* [DATASET EXTRACT]:
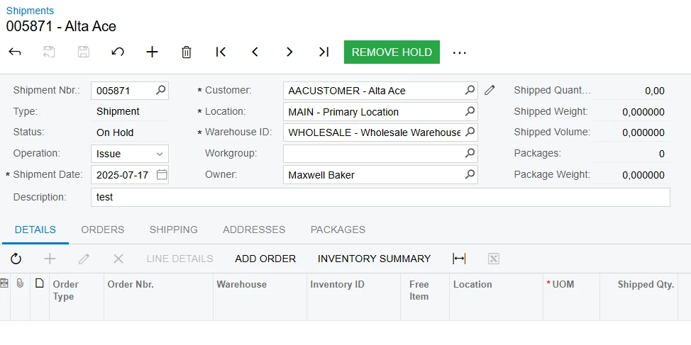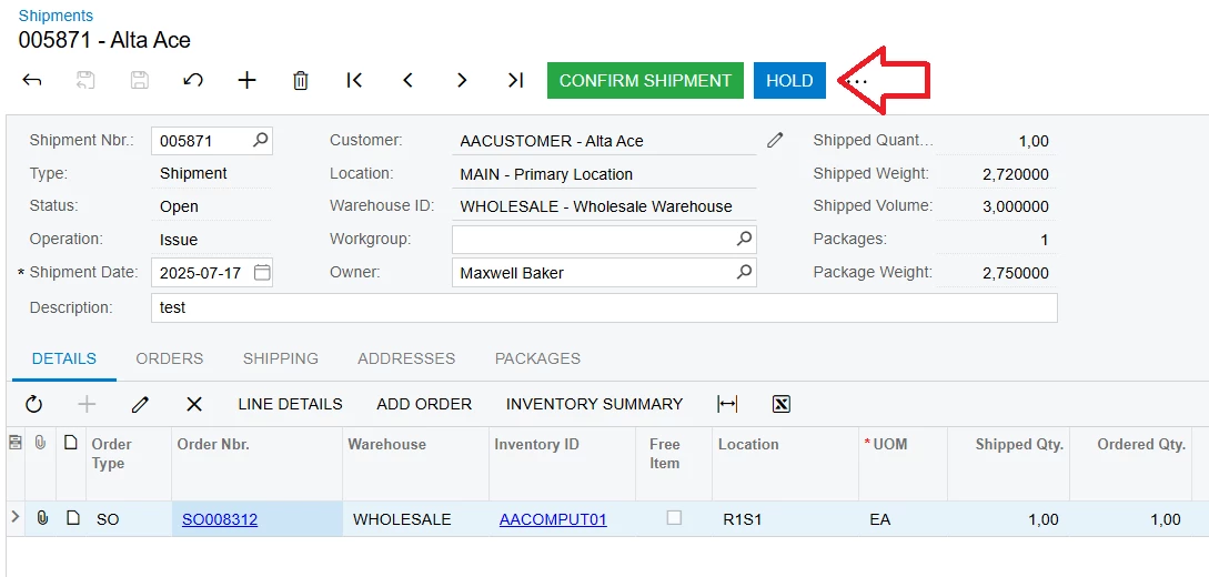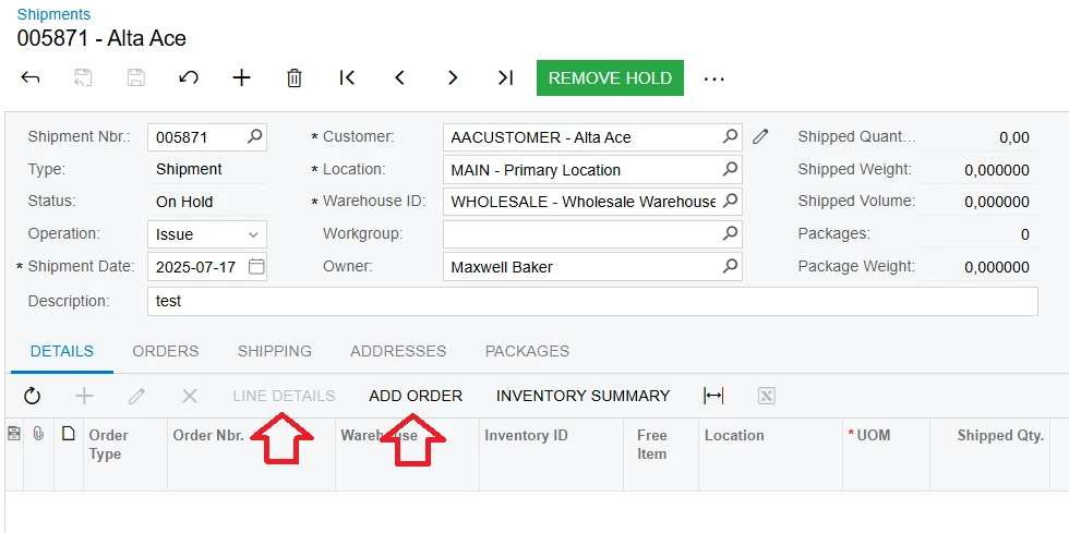 Then open Shipment again > Press "LINE DETAILS" or "ADD ORDER" to add to Sales Order after correcting the warehouse.
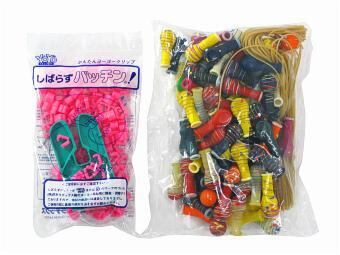 風船100個と糸ゴム100本としばらずパッチン100個のセットです。しばらずパッチンを使えば誰でも簡単にヨーヨー風船を作れます!
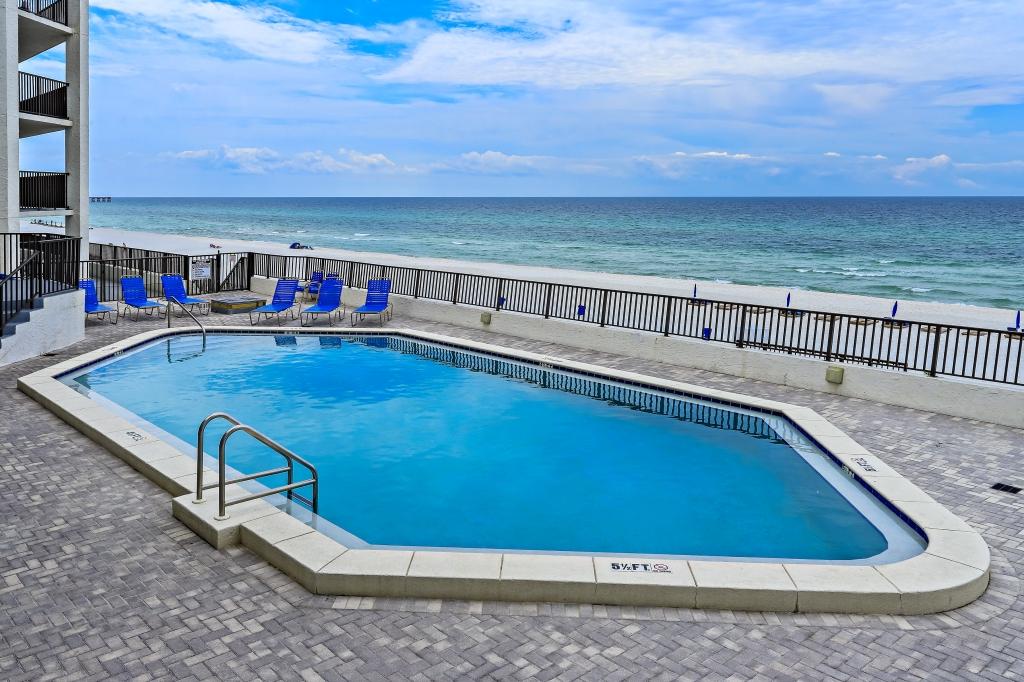 The condo complex has a beautiful heated pool through the winter Dec-March (unless the weather is very warm). It's located on the 2nd floor, raised at the perfect height for seeing the ocean and watching sunsets while in the hot tub. And since it's a small complex of only 84 units, it's quieter.
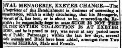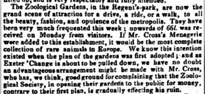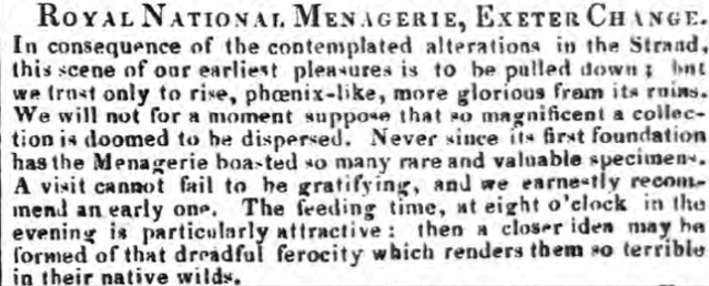 Up until then the only way most people could see any “exotic” animals was to visit a travelling menagerie or one of the large indoor menageries on London. The most famous of these was at Exeter Change on the Strand, which from 1814 was run by Edward Cross.
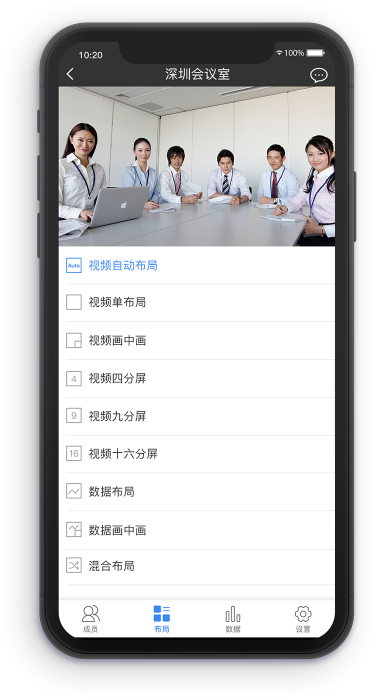 在手機app 上可對會議的權(quán)限、布局進行控制,簡單方便的遠(yuǎn)程協(xié)作體驗。
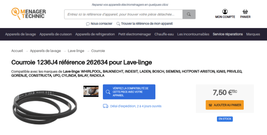 Après avoir raccroché, j’ai l’idée d’aller vérifier le prix des courroies de lave-linge sur internet et, surprise, ça ne dépasse pas 15 euros !!! Une courroie adaptée à mon lave-linge Whirpool coûte 5,80 euros chez Darty… Je lui envoie un texto [2] pour le lui dire et lui demande où il achète ses pièces. Il évite la question et répond qu’il y a aussi les paliers. Donc je vais vérifier le prix des paliers et note des prix très variés (selon le modèle de machine) jusqu’à 19 euros… Il me dit, pour sa défense, qu’il devra travaillé environ 1 heure à 1 heure et demie… Il ne lui avait fallu qu’une vingtaine de minutes pour remettre le tambour en place et noter ce qui n’allait pas… 1 heure et demie pour fixer deux paliers et une courroie ? Soit. Mais pourquoi mentir sur les prix ? Le prix des pièces est compris dans le forfait. Si elles ne coûtent pas ce prix, pourquoi devrais-je le payer ?
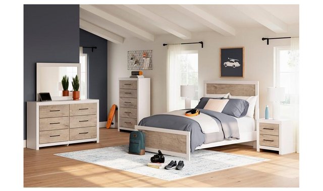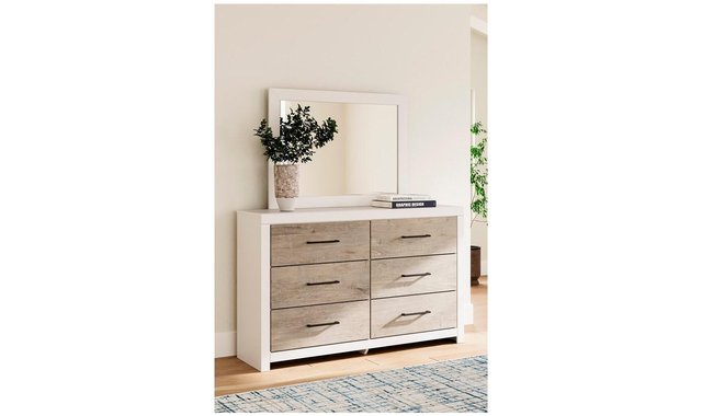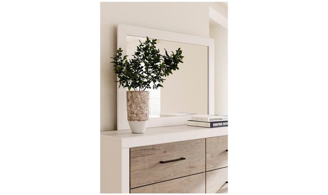 This bedroom mirror is made with engineered wood (MDF/particleboard/plywood). Pairs with other items in the series to make a dresser and mirror kit.
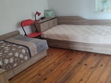 Предлагаме три стаи на горния етаж на къщата, като сме запазили първоначалното им функционално разпределение. Подът нарочно е запазен в оригиналния си вид – дъбово дюшеме, което придава особено приятно усещане за топлина и уют. Достъпът към трите стаи е с отделен вход. Една стая е с 3 единични легла, друга е с 2 единични и с възможност за трето сгъваемо (достатъчно удобно) легло, а третата е с едно единично легло.
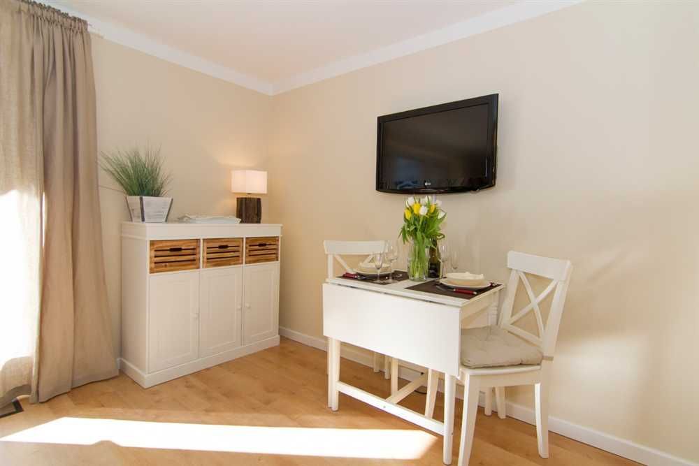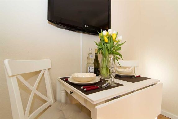 Das renovierte und sehr geschmackvoll eingerichtete 1-Raum Appartement befindet sich in Westerland auf Sylt im 2.OG. Das Appartement verfügt über einen kombinierten Wohn-/Schlafbereich mit einem sehr gemütlichen Doppelschrankbett, einer bequemen Couch und einem Esstisch für zwei Personen. Die separierte Küchenzeile ist mit einem Zwei-Platten Herd , einer Kaffeemaschine, einem Wasserkocher und einem Toaster ausgestattet. Das wunderschöne Badezimmer mit Dusche/WC wurde in 2023 aufwendig saniert und in eine Wellnessoase verwandelt. Der großzügige Balkon Richtung Westen verfügt über Balkonmöbel und lädt zum entspannen ein.
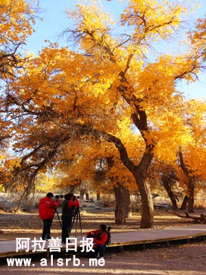 12日至16日,60名记者深入额济纳胡杨林、居延海,阿右旗海森楚鲁怪石城、巴丹吉林沙漠采风。所到之处,他们被千年的胡杨林、古老的居延文化、神奇的巴丹吉林沙漠风光所吸引,纷纷举起手中的镜头,不停地按下快门,记录下这世间少有的美景。《河北日报》记者田瑞夫说:“以前对阿拉善了解很少,总认为这里是威胁京津地区的沙尘暴发源地,没想到这里的局部环境治理得这样美。特别是额济纳黑河水利建设,使千年胡杨林保存完好,沿河生态环境逐步恢复,这真是一项伟大的事业。”

* [PROBLEM DESCRIPTION]: Exclude the pictures, and transcribe all of the material exactly.

* [SOLVED PROBLEM]:
 Then open Shipment again > Press "LINE DETAILS" or "ADD ORDER" to add to Sales Order after correcting the warehouse.
 風船100個と糸ゴム100本としばらずパッチン100個のセットです。しばらずパッチンを使えば誰でも簡単にヨーヨー風船を作れます!
 The condo complex has a beautiful heated pool through the winter Dec-March (unless the weather is very warm). It's located on the 2nd floor, raised at the perfect height for seeing the ocean and watching sunsets while in the hot tub. And since it's a small complex of only 84 units, it's quieter.
 Up until then the only way most people could see any “exotic” animals was to visit a travelling menagerie or one of the large indoor menageries on London. The most famous of these was at Exeter Change on the Strand, which from 1814 was run by Edward Cross.
 在手機app 上可對會議的權(quán)限、布局進行控制,簡單方便的遠(yuǎn)程協(xié)作體驗。
 Après avoir raccroché, j’ai l’idée d’aller vérifier le prix des courroies de lave-linge sur internet et, surprise, ça ne dépasse pas 15 euros !!! Une courroie adaptée à mon lave-linge Whirpool coûte 5,80 euros chez Darty… Je lui envoie un texto [2] pour le lui dire et lui demande où il achète ses pièces. Il évite la question et répond qu’il y a aussi les paliers. Donc je vais vérifier le prix des paliers et note des prix très variés (selon le modèle de machine) jusqu’à 19 euros… Il me dit, pour sa défense, qu’il devra travaillé environ 1 heure à 1 heure et demie… Il ne lui avait fallu qu’une vingtaine de minutes pour remettre le tambour en place et noter ce qui n’allait pas… 1 heure et demie pour fixer deux paliers et une courroie ? Soit. Mais pourquoi mentir sur les prix ? Le prix des pièces est compris dans le forfait. Si elles ne coûtent pas ce prix, pourquoi devrais-je le payer ?
 This bedroom mirror is made with engineered wood (MDF/particleboard/plywood). Pairs with other items in the series to make a dresser and mirror kit.
 Предлагаме три стаи на горния етаж на къщата, като сме запазили първоначалното им функционално разпределение. Подът нарочно е запазен в оригиналния си вид – дъбово дюшеме, което придава особено приятно усещане за топлина и уют. Достъпът към трите стаи е с отделен вход. Една стая е с 3 единични легла, друга е с 2 единични и с възможност за трето сгъваемо (достатъчно удобно) легло, а третата е с едно единично легло.
 Das renovierte und sehr geschmackvoll eingerichtete 1-Raum Appartement befindet sich in Westerland auf Sylt im 2.OG. Das Appartement verfügt über einen kombinierten Wohn-/Schlafbereich mit einem sehr gemütlichen Doppelschrankbett, einer bequemen Couch und einem Esstisch für zwei Personen. Die separierte Küchenzeile ist mit einem Zwei-Platten Herd , einer Kaffeemaschine, einem Wasserkocher und einem Toaster ausgestattet. Das wunderschöne Badezimmer mit Dusche/WC wurde in 2023 aufwendig saniert und in eine Wellnessoase verwandelt. Der großzügige Balkon Richtung Westen verfügt über Balkonmöbel und lädt zum entspannen ein.
 12日至16日,60名记者深入额济纳胡杨林、居延海,阿右旗海森楚鲁怪石城、巴丹吉林沙漠采风。所到之处,他们被千年的胡杨林、古老的居延文化、神奇的巴丹吉林沙漠风光所吸引,纷纷举起手中的镜头,不停地按下快门,记录下这世间少有的美景。《河北日报》记者田瑞夫说:“以前对阿拉善了解很少,总认为这里是威胁京津地区的沙尘暴发源地,没想到这里的局部环境治理得这样美。特别是额济纳黑河水利建设,使千年胡杨林保存完好,沿河生态环境逐步恢复,这真是一项伟大的事业。”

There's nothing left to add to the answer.